# Hedgehog Fire Drill



## Annie&Tibbers (Apr 16, 2013)

The building fire alarm went off tonight during prime hedgehog-running time. When the alarm went off, my small friend hopped off his wheel and ran to the very center of his cage, and didn't protest when I scooped him up into his grab & go box. It was a bit chilly outside, but our fire alarms are usually quickly resolved (we live less than 3 blocks from the main fire station), so instead of breaking out his heat-packs I decided to just give him a bit of a snuggle to keep him warm. 

Over wanders my building manager, who asks how the little fellow is doing, then unexpectedly jabs in to pet the hedgehog. Little friend snuffles and dives his nose under a corner of fleece, but otherwise doesn't huff, puff, or prick. Repeat with a few neighbours (who first ask what/who he is, then poke while I'm explaining that hedgehogs aren't really a petting style of pet...), with a similar lack of savage reaction. Good job, friendly hedgehog!

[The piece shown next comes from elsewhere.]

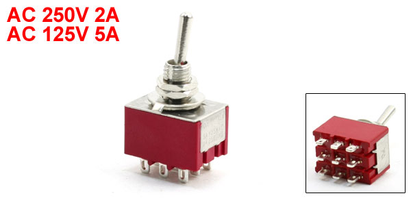 AC250V 2A AC125V 5A 9 Pin 2 Position ON/ON 3PDT Toggle Switch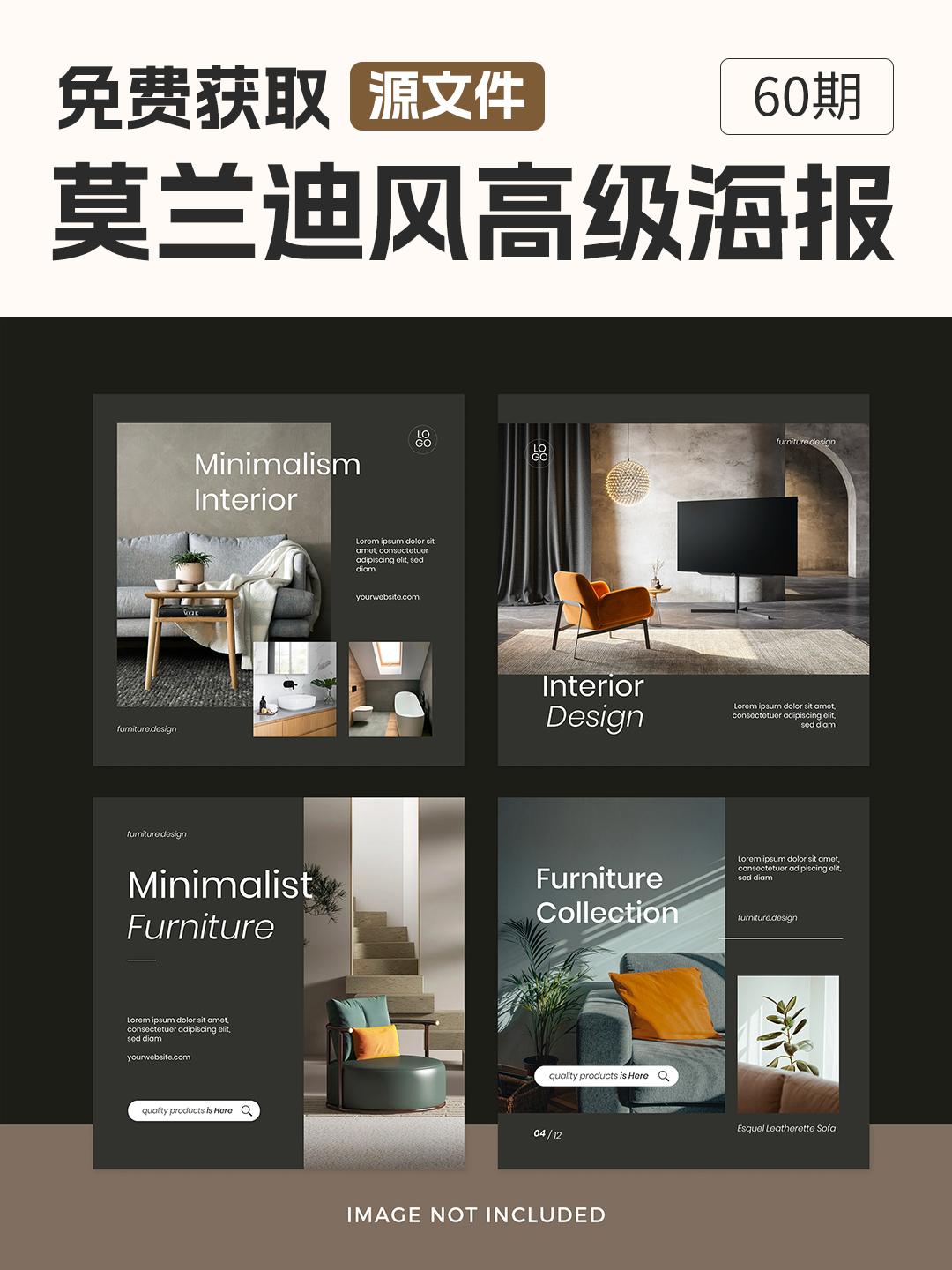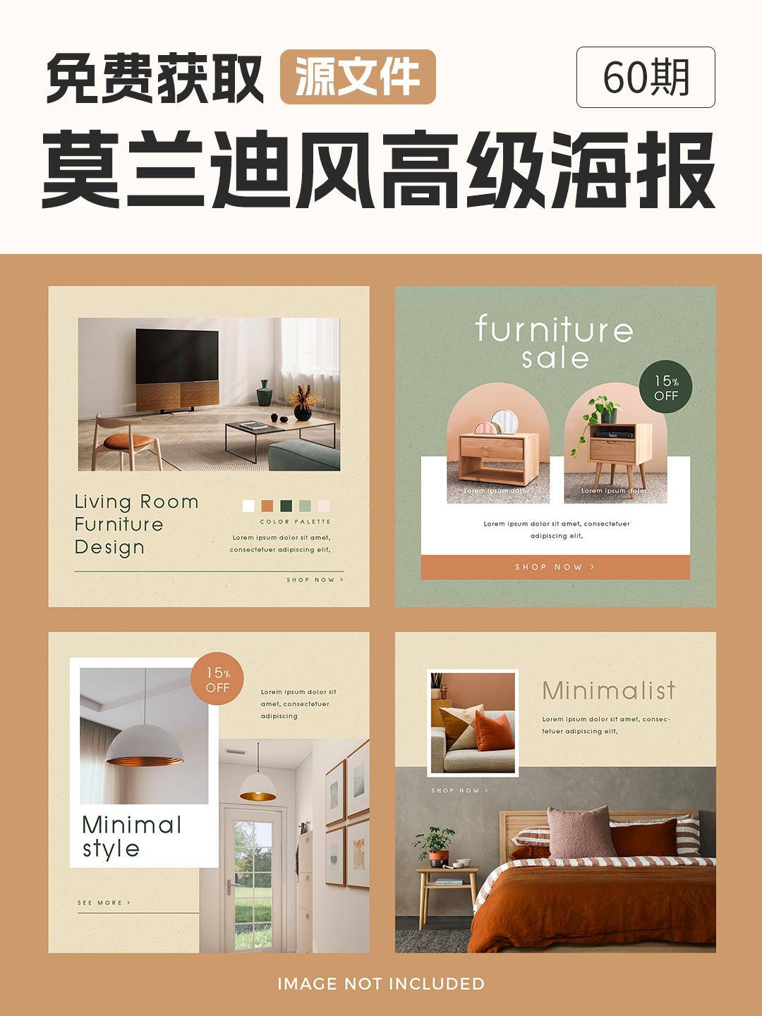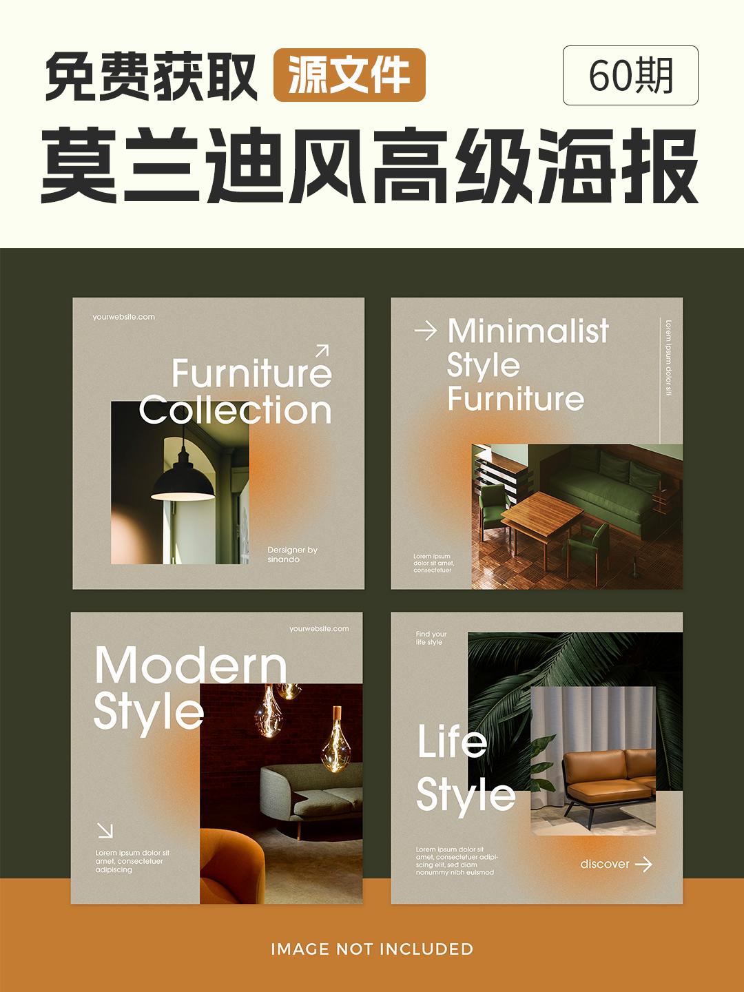 家具类莫兰迪风海报 | 版式设计灵感 | PSD、AI设计源文件

Once the alarm was shut off, he suddenly turned into a little squirmball. I could totally hear him whining, "Fire alarm's over, mum, let's go home and ruuunnnn!!!" Turns out, explaining to a hedgehog that the alarm was silenced but firemen are still checking the building for the alarm-trigger is futile. Who would've guessed?

Now we've returned home, and he's running again, and I just needed to brag about how cooperative my small friend was.

This also serves as a reminder: if you don't have a hedgehog emergency kit, it's fast and easy to make one.

My hedgehog's emergency bags are in two sizes. The bare-essentials grab bag is meant for unexpected displacements, where our building is evacuated and we might be in transit for a few hours, but the neighbourhood/city is fine and stores are functional. This bag contains:
- a small container with 2 nights food (I swap it out every new bag of food, to keep it from going stale). The container body/lid double as food/water dishes.
- a bottle of "his" water
- a roll of toilet paper
- a handful of heat-packs (disposable handwarmers)
- extra fleece & a snuggle-sack
It lives in a small, easy-to-carry box that always has a bit of fleece in the bottom. In sudden time-sensitive emergencies, I toss the bag in my purse, plonk hedgehog & any easily-reachable him-smelling fleece bedding into the box, snap on the lid (modified with ventilation screening), and head out the door.

I also have a more substantial emergency box for stay-home emergencies (power outages) or full evacuations (earthquakes) that includes a first-aid kit. If you live somewhere where winter storms are possible (or hurricanes, tornados, etc), think now about how you would keep your cage warm during a power outage. Having a plan for insulating with thick blankets, and getting battery-powered or chemical heat sources on-hand will save you some panic!


----------



## Lilysmommy (Jan 7, 2009)

Great reminder to everyone! Emergency heating is especially important to start thinking about with winter coming on and the possibility of ice storms or other bad storms taking out power.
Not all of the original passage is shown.